* _Extracted information_
============================================================

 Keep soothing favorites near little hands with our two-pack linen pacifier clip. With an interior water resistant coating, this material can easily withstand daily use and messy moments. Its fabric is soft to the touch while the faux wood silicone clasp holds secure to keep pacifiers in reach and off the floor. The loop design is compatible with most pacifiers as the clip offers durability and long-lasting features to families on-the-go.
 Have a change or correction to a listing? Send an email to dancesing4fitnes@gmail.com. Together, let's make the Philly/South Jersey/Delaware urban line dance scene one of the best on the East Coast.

============================================================

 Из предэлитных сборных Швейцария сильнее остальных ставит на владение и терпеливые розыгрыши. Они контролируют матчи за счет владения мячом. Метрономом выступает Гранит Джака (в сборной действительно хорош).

============================================================

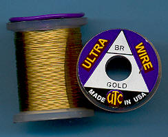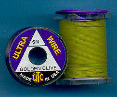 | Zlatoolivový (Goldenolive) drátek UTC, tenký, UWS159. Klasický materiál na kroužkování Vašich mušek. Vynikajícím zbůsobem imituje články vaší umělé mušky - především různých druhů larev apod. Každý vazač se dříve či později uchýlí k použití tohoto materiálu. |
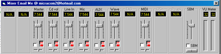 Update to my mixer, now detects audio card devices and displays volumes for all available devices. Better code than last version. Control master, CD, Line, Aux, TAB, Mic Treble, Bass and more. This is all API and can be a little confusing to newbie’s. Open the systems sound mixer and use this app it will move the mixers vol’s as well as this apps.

============================================================

* _Task statement_
Within the material above, extract exactly the lines that start at the line containing "Keep soothing favorites" and stop after the line containing "Have a change", and only those.

* _Written solution_
 Keep soothing favorites near little hands with our two-pack linen pacifier clip. With an interior water resistant coating, this material can easily withstand daily use and messy moments. Its fabric is soft to the touch while the faux wood silicone clasp holds secure to keep pacifiers in reach and off the floor. The loop design is compatible with most pacifiers as the clip offers durability and long-lasting features to families on-the-go.
 Have a change or correction to a listing? Send an email to dancesing4fitnes@gmail.com. Together, let's make the Philly/South Jersey/Delaware urban line dance scene one of the best on the East Coast.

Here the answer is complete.